Foreign Military Sales

The U.S. Department of Defense's Foreign Military Sales (FMS) program enables sales of U.S. defense equipment, defense services, arms, and military training to foreign governments. The purchaser does not deal directly with the defense contractor; instead, the Defense Security Cooperation Agency (DSCA) serves as an arbitrator, usually handling logistics, procurement, and delivery and often providing product training, support, and infrastructure construction such as runways, hangars, and utilities. The Defense Contract Management Agency (DCMA) often accepts FMS equipment on behalf of the US government.

FMS is based on countries being authorized to participate, cases as the mechanism to procure services, and a deposit in a US Trust Fund or appropriate credit and approval to fund services.

Some USAF FMS programs are assigned two-word codenames beginning with the word PEACE, indicating oversight by USAF Headquarters. Codenames appear in all capital letters. The second word in these codenames is often chosen to reflect some feature of the customer, such as MARBLE for Israel or ONYX for Turkey. No partner nation has yet succeeded in applying strict schedule clauses to a FMS program.

The Foreign Military Sales Act of 1968, Pub.L. 90–629, 82 Stat. 1320-2, enacted October 22, 1968, was additional legislation to the Arms Control and Disarmament Act of 1961 and the Foreign Assistance Act of 1961. The Act discloses the United States commitment and sustainment to a world free from the dangers of arms and the menace of war.

The Foreign Military Sales Act supported the policy of disarmament agreements, regional arms control, and the discouragement of arm races. The United States law openly declares the sales of defense services and military articles to benign countries with the economic means to maintain and support a military force of suitable strength. The H.R. 15681 bill authorized the sales of military equipment by the United States government. The H.R. 15681 legislation was passed by the 90th U.S. Congressional session and endorsed by the 36th President of the United States Lyndon Johnson on October 22, 1968.

The Foreign Military Sales Act established authority for United States foreign military sales authorizations and military export controls.
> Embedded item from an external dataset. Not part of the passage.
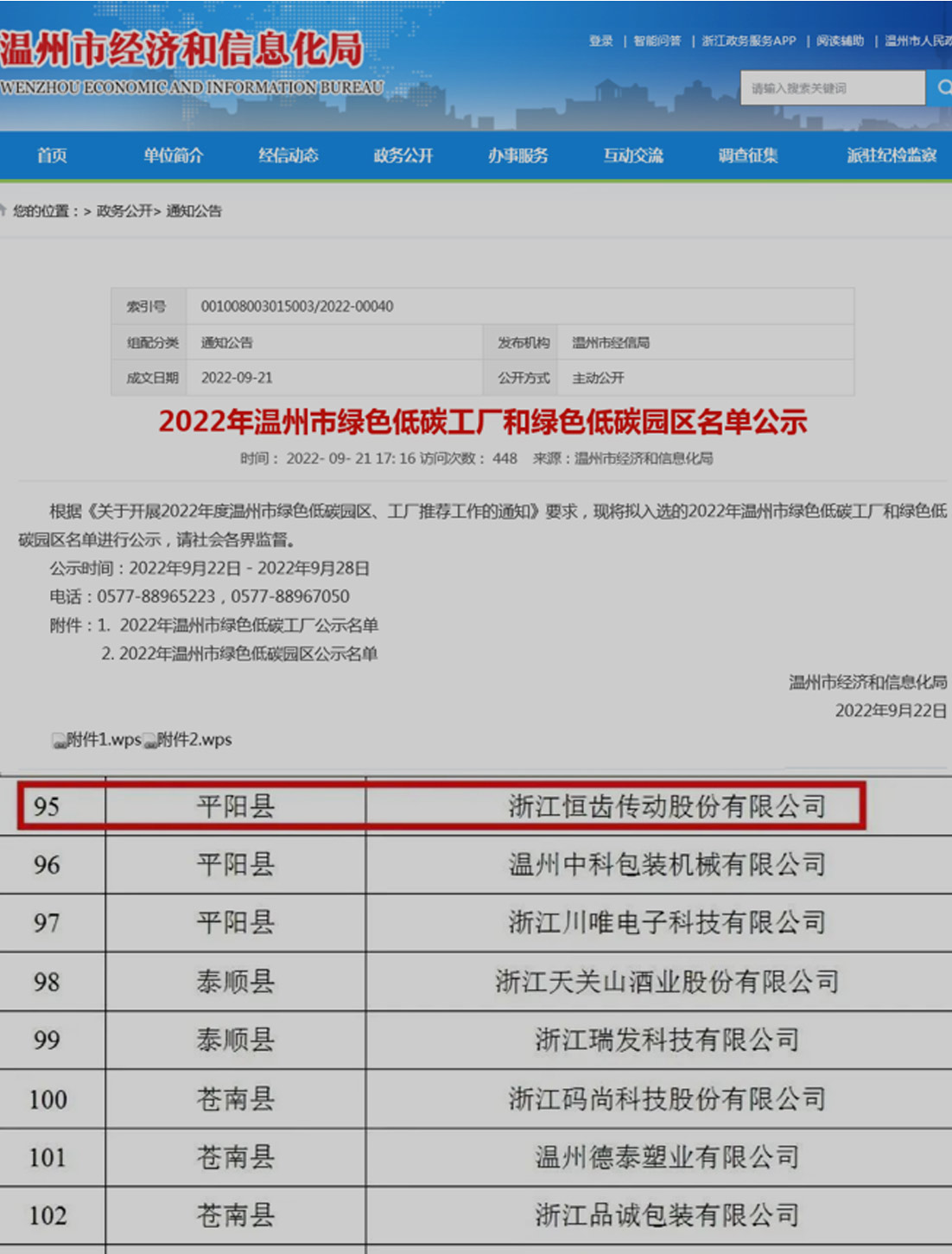 2022年12月19日,溫州市經濟和信息化局發布了關于2022年度創新型中小企業的名單公示,浙江恒齒傳動股份有限公司名列其中。

The Foreign Military Sales (FMS) program is a form of security assistance authorized by the Arms Export Control Act (AECA) and a fundamental tool of U.S. foreign policy.

The Foreign Military Sales program is a form of security assistance authorized by the Arms Export Control Act (AECA) through which the United States may sell defense articles and services to foreign countries and international organizations. Under FMS, the US Government and a foreign government enter into a government-to-government sales agreement. The international agreement is called a Letter of Offer and Acceptance (LOA). The State Department determines which countries will have programs, and the Defense Department executes the program.